Nonfarm payroll employment grew in January by 146,000, seasonally adjusted, the Bureau of Labor Statistics (BLS) reported today. Gains for the previous three months were revised downward. Nevertheless, employment in January set a record of 132,573,000, finally surpassing the pre-recession peak reached in February 2001.

BLS Commissioner Katheen Utgoff noted, “Construction employment was little changed in January, after seasonal adjustment. Adverse weather may have held down employment in the industry during the month. Since its recent low in March 2003, construction has added 407,000 jobs.” In the last 12 months alone, construction added 220,000 jobs (3%). Annual “benchmark” revisions raised the total for December 2004 to a record 7,074,000, with January 2005 estimated at 7,065,000. With this report, BLS began issuing monthly counts for residential and nonresidential building and specialty trade contractors.

In January, seasonally adjusted employment totaled 926,000 in residential building (up 59,000 or 7% from January 2004), 753,000 in nonresidential building (up 24,000 or 3%), 898,000 in heavy and civil engineering (down 5,000 or 0.6%), 2,117,000 in residential specialty trade contactors (up 61,000 or 3%), and 2,372,000 in nonresidential trades (up 81,000 or 4%).

Average hourly earnings in construction over the past 12 months rose just 14 cents (0.7%) to $19.21, seasonally adjusted, probably because the mix of employees shifted more to lower-paid residential building workers. The average in construction was 21% above the all-industry average for production workers.

BLS released data Wednesday on metropolitan area employment in December (www.bls.gov/sae). The release noted, “Over the year, employment growth was most widespread in education and health services, with 230 of 274 metropolitan areas experiencing job gains in this industry sector. Many areas also experienced employment growth in leisure and hospitality; construction; and professional and business services.”

The value of construction put in place in December reached $1.032 trillion at a seasonally adjusted annual rate, the Census Bureau announced Tuesday. That was a 1.1% gain over November's upwardly revised total. It marked the 11th straight increase and brought the annual total for 2004 to $998 billion, 9% more than in 2003. Gains were widespread, with yearend acceleration in many categories. For the year, private residential construction rose 14%, private nonresidential construction 4%, and public construction 3%. Within residential, single-family gained 19%, multi-family 9%, and improvements 3%. Within private nonresidential, lodging was up 19%, health care 10%, retail (automotive, food/beverage, multi-retail, other commercial) 9%, office 6%, communication 5%, and manufacturing 2%. Electric power construction fell 11%, warehouse construction 6%, and private educational 3%. Within public construction, the two major components, educational and highways, each rose a little less than 4%. Sewage and waste disposal and public office construction each rose 7%; public transportation facilities climbed 2%. Declining public construction components included amusement and recreation, -8%, public safety, -7%, and water supply, -0.9%.
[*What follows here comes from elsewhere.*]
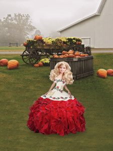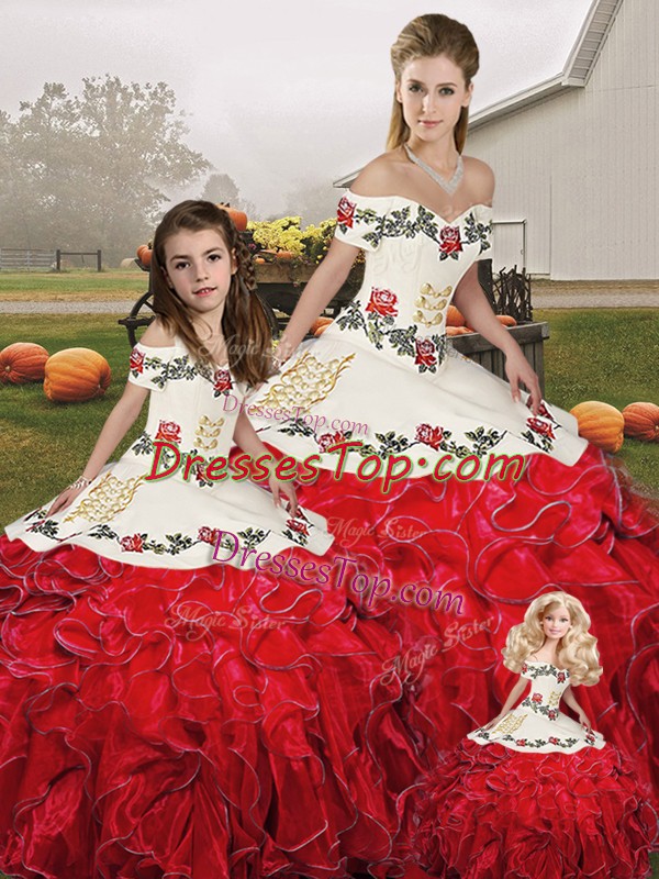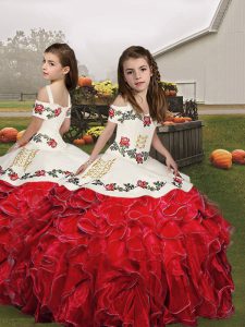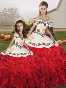 Delicate Floor Length Lace Up Ball Gown Prom Dress White And Red for Military Ball and Sweet 16 and Quinceanera with Embroidery and Ruffles
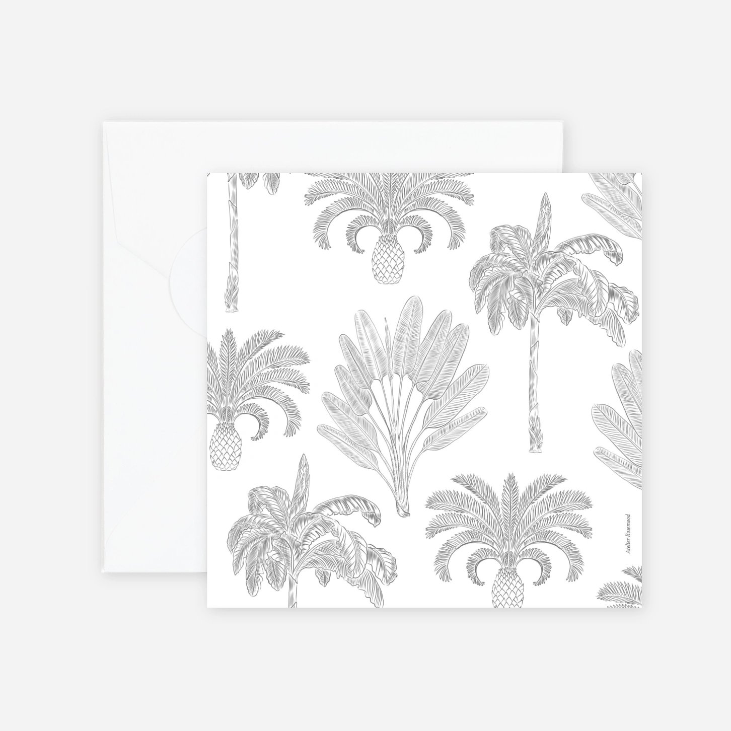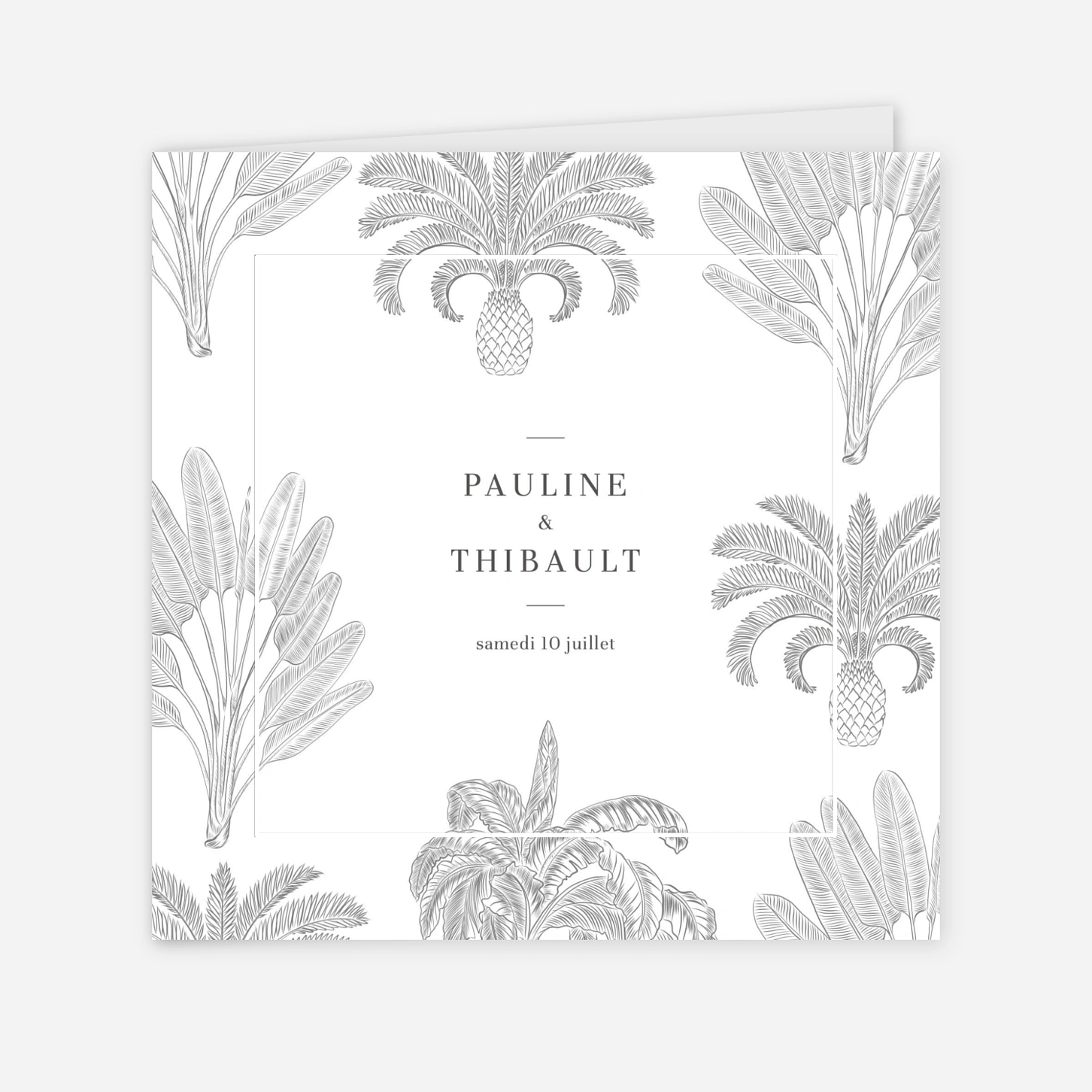 Avec le faire-part de mariage Oiseaux de paradis, c'est tout un univers exotique et tropical qui accompagnera l'annonce de votre union. Nous y avons illustré de délicats palmiers, qu'un joli cadre doré viendra sublimer. Nous vous proposons ce modèle en trois coloris : noir, bleu ou rouge.

Orders for construction materials and supplies rose 0.3% for the month and 13% for 2004 as a whole to $476 billion (11% of total orders). Construction machinery orders slipped 0.6% in December but surged 44% for the year as a whole to $31 billion (10% of total machinery orders).

This week, two automakers announced factory expansions. “Chrysler said it will invest $419 million in its Belvidere, Ill., assembly plant…to overhaul the plant's body shop and make adjustments to the paint shop and final assembly area. GM said [it] is investing about $175 million to prepare its Fort Wayne, Ind., truck-assembly plant for full-size pickup truck production,” the Wall Street Journal reported.